So the book was never finished. The chapter left half read. And, on the rarest occasions, this relation of mine has managed to bubble up into my sphere of attention and display himself for my observation. He makes a point of showcasing his capabilities. I do not, by both nature and an underdeveloped social faculty. But look at me making excuses for myself. Whatever the case, he is a familiar contemporary male competing for resources. Abundant or otherwise, my mind holds dear to the social bonds and resource allocation which I have diligently built up over many years.

Being a male who adapted to both roving in packs of young-adult males as well as survival as a lone male, I have developed versatile skills and perceptions. This allows me to navigate around situations in my environment in a unique way. If I wish to make best use of my ability rather than ruminate on that which I may have conceded to a competing male, I may well better identify myself as a source of bounty unworthy of the efforts made to extract such.

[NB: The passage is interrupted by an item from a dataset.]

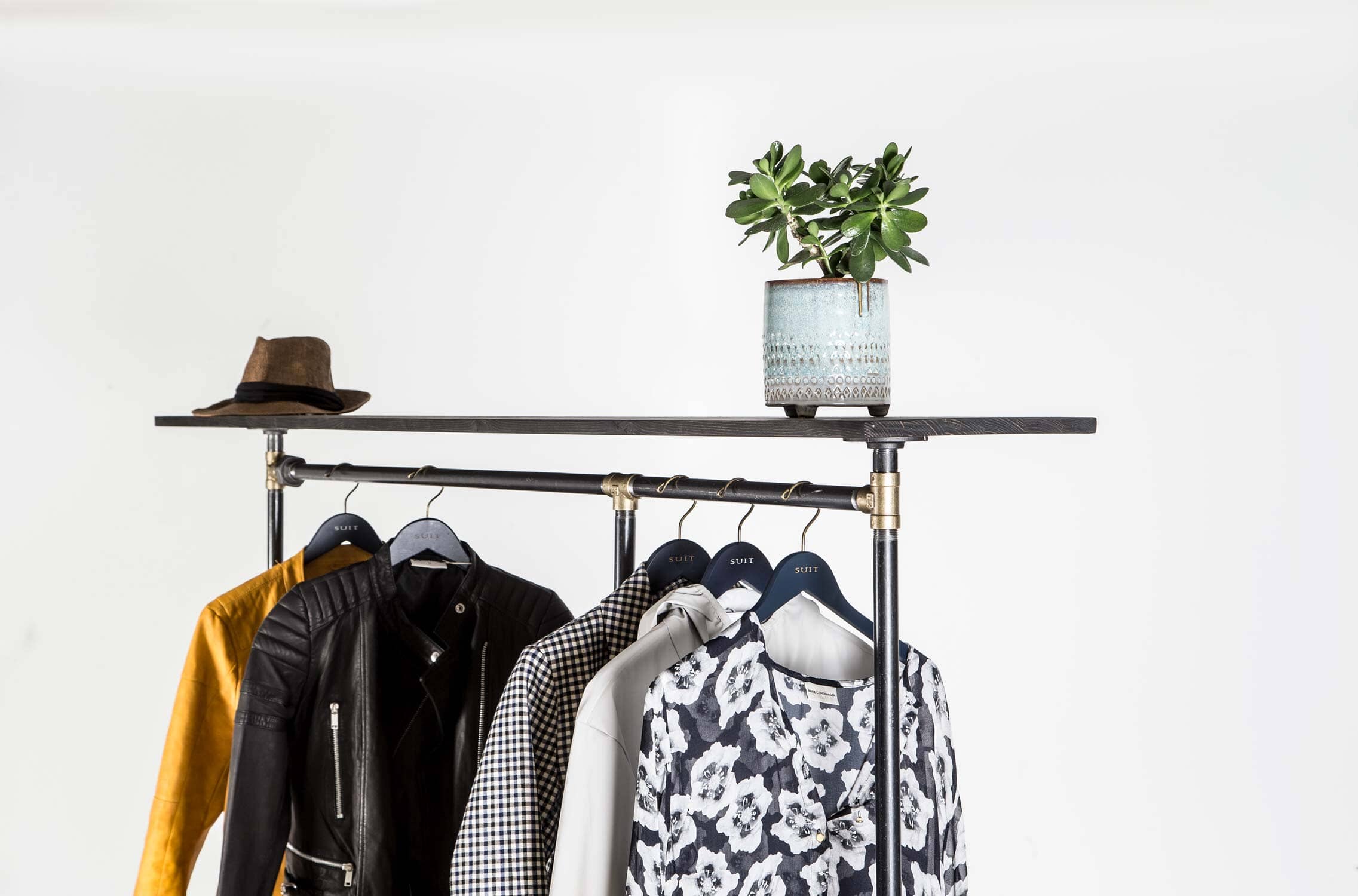 Glem ikke bøjler eller kroge til dit tøjstativ
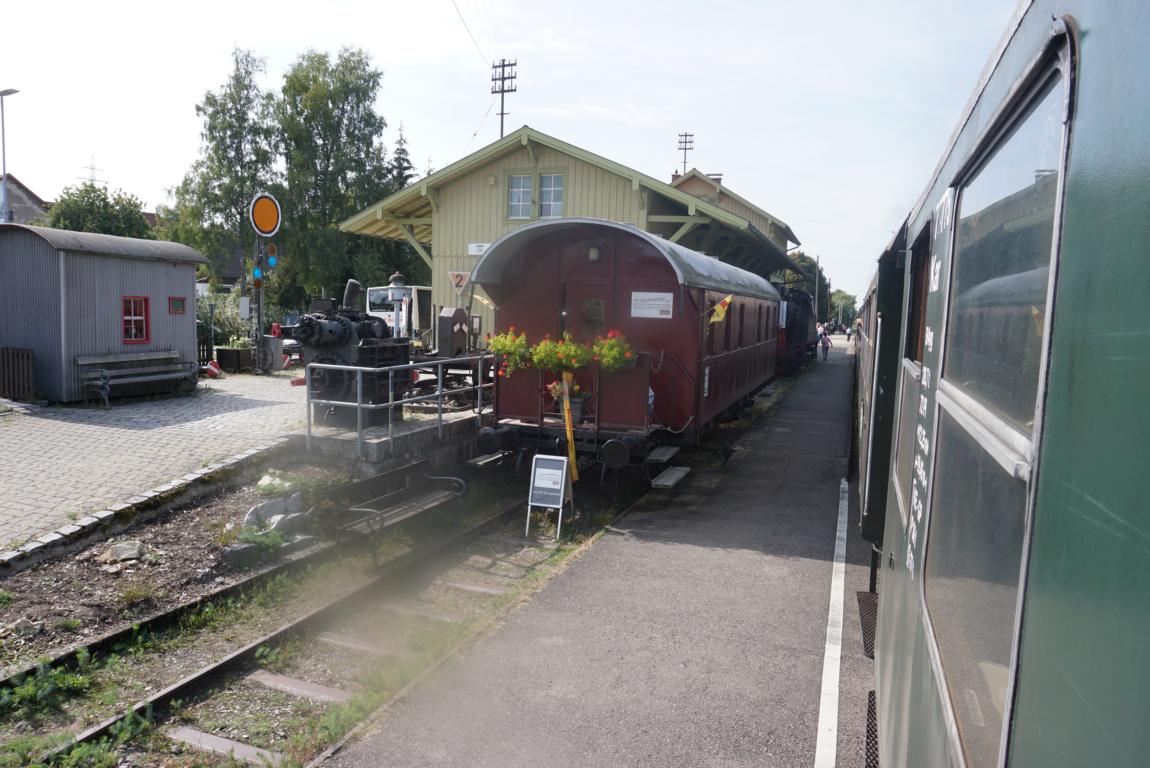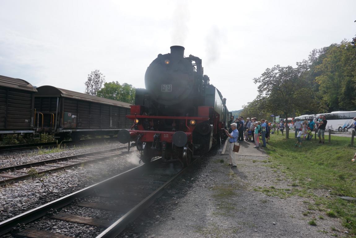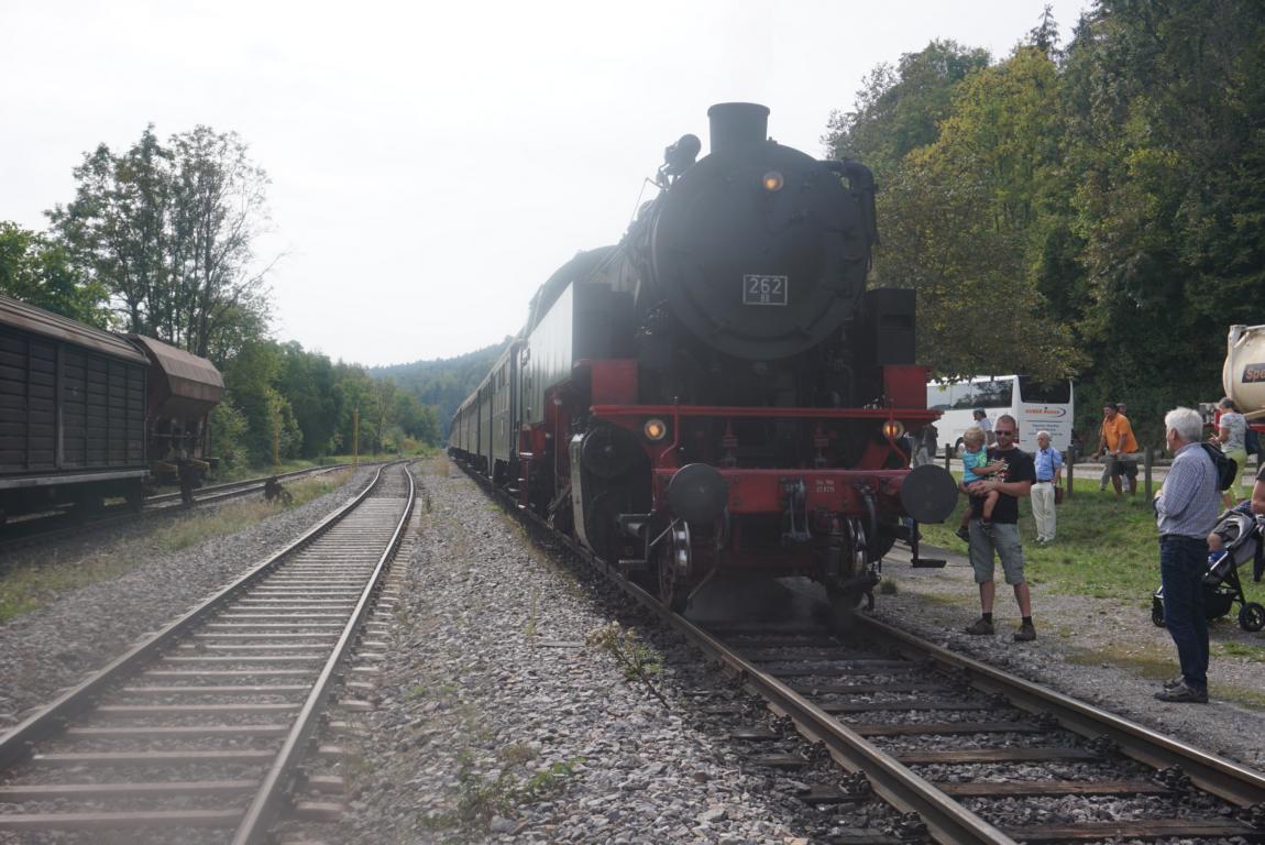 In Weizen wurde die alte Dampflock umgestellt. Die meisten Gäste stiegen in Weizen aus und wurden von Ihren Bussen in Empfang genommen. Unterwegs stiegen Wanderer hinzu die durch die Wutach oder auf dem Sauschwänzle Wanderweg unterwegs waren.

There are three distinct categories of perception of life which may be broken down into age ranges. Childhood is a time marked by rapid growth and extreme vulnerability. Early childhood is unlike late childhood due to exponential growth of both structure and function. The child gradually separates from the parents and identifies as an individual more and more. This is when culture begins to take hold. Cultural norms, flow of information, radicalization of generations as they move through the stages of life - these influence a child who is moving toward higher independence and higher cognition. In some nations, the people are communal and knowingly fall into a hierarchy within families and society. In other nations, extreme cases show individualism to the point of many humans within a society spending most of their lives in isolation in the typical sense.

These isolated humans may simply exchange labor-power for consumption options. They eat, watch, read, etc. the culture of their people but do not people within their culture. So to speak. This can manifest in humans living not unlike a lower animal in a cage. Except the caged animal is the one with the key - he's the one who locked the gate. Not to keep himself in, which he will do so willing, but to keep the world out. He creates a barrier and separates himself from the world, perhaps because he fears the world will want to separate itself from him if given the chance.

The young adult period of life sees the males disjoint from the familial circle and congregate with other similar males. These all-male troops typically convene in search of resources. These resources are typically sex, food and drink, and as a lesser order or importance economic prosperity and power accumulation (money). They also instinctually hunt or clear away competing males, when able.

The males accumulate resources and cultivate a sense of safety in their troop. However, individual members will break off a) to join other, more desirable troops (perhaps with more capable males), or b) to mate with females. The females know this and will try to incentivize males into contrived traps meant to subdue the brute and socially bond with it. If successful, the female may separate the male from the influences of the all-male troop. This is a tenuous relationship. The female must bond sufficiently with the male to procure her own safety and increase her own labor-power to a power of more than two, three, or even four times in terms of capability, and double her labor-power in terms of time allocation for labor. This is a promising path for the female and male alike as they stand the best chances of bringing a human baby through to adulthood.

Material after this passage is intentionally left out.